Carolina Celeste GRANINI

Qualifica
Dottoranda
Dottorato
LINGUE, CULTURE E SOCIETÀ MODERNE E SCIENZE DEL LINGUAGGIO
39° Ciclo - Immatricolati nel 2023
Area tematica
Adaptation of dystopian classics and adaptability to the posthuman environment in contemporary Young Adult dystopias
Supervisore
Laura Tosi
E-mail
carolina.granini@unive.it
856487@stud.unive.it
Sito web
www.unive.it/persone/carolina.granini (scheda personale)
Struttura
Dipartimento di Studi Linguistici e Culturali Comparati
Sito web struttura: https://www.unive.it/dslcc

CURRENT ACADEMIC POSITION 


09/2023 – Present: Dorsoduro 1405, 30123 Venice (VE)
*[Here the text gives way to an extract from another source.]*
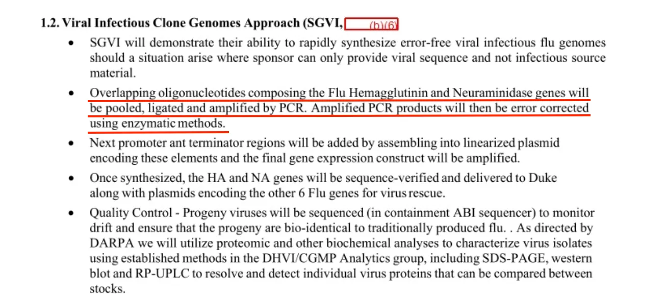 Die DARPA beauftragte Synthetic Genomics (SGI) – heute Teil von Codex DNA – mit der Assemblierung von Influenza- und anderen Viren durch das Aneinanderfügen von DNA-Fragmenten: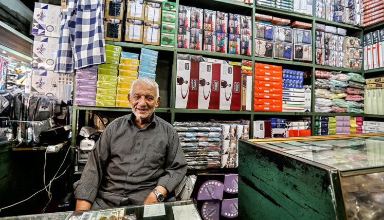 مرحوم عبدالله ملاباقر در فروشگاه پوشاک خود در بازار تهران

PhD Student in Modern Languages, Cultures and Societies and Linguistics – Ca' Foscari University of Venice

Cultore della materia 

Supervisor: Professor Laura Tosi, DSLCC

 

EDUCATION

2021 – 2022: Dorsoduro 1405, 30123 Venice (VE)
First-Level Master's in Teaching and Promotion of Italian Language and Culture to Foreign Learners (ITALS) – Ca' Foscari University of Venice – 110/110 cum Laude

2019 – 2021: Dorsoduro 1405, 30123 Venice (VE)
Master's Degree in European, American and Postcolonial Languages and Literatures – Ca' Foscari University of Venice – 110/110 cum Laude

Research thesis: Thomas Hardy's Children in Tess of the D'Urbervilles and Jude the Obscure

2015 – 2018: Dorsoduro 1405, 30123 Venice (VE)
Bachelor's Degree in Languages, Civilisations and Language Sciences – Ca' Foscari University of Venice

 

RESEARCH ABROAD


Jan – Jun 2025: Cambridge, United Kingdom

Visiting PhD Student – Faculty of Education, University of Cambridge 

The visiting period focused on research into children's and young adult literature, dystopian fiction, and food studies within literary analysis, with participation in international seminars and conference activities hosted by the Faculty of Education.

RESEARCH ACTIVITY

Her research lies at the intersection of children's and young adult literature, dystopian fiction, and food studies. Her doctoral project, Hunger and Rebellion: Narrating Resistance Through Food in YA Dystopias, investigates how YA dystopian narratives deploy food as a mechanism of political control and, simultaneously, as a vehicle for collective resistance. Her broader research interests include the ecological imagination in children's and YA literature, gender and genre fluidity in dystopian fiction, and the posthuman body in Young Adult narratives. She is a member of the Research Group on Adaptation of Children's Classics / Myth Rewriting at Ca' Foscari University of Venice (PI: Prof. Laura Tosi).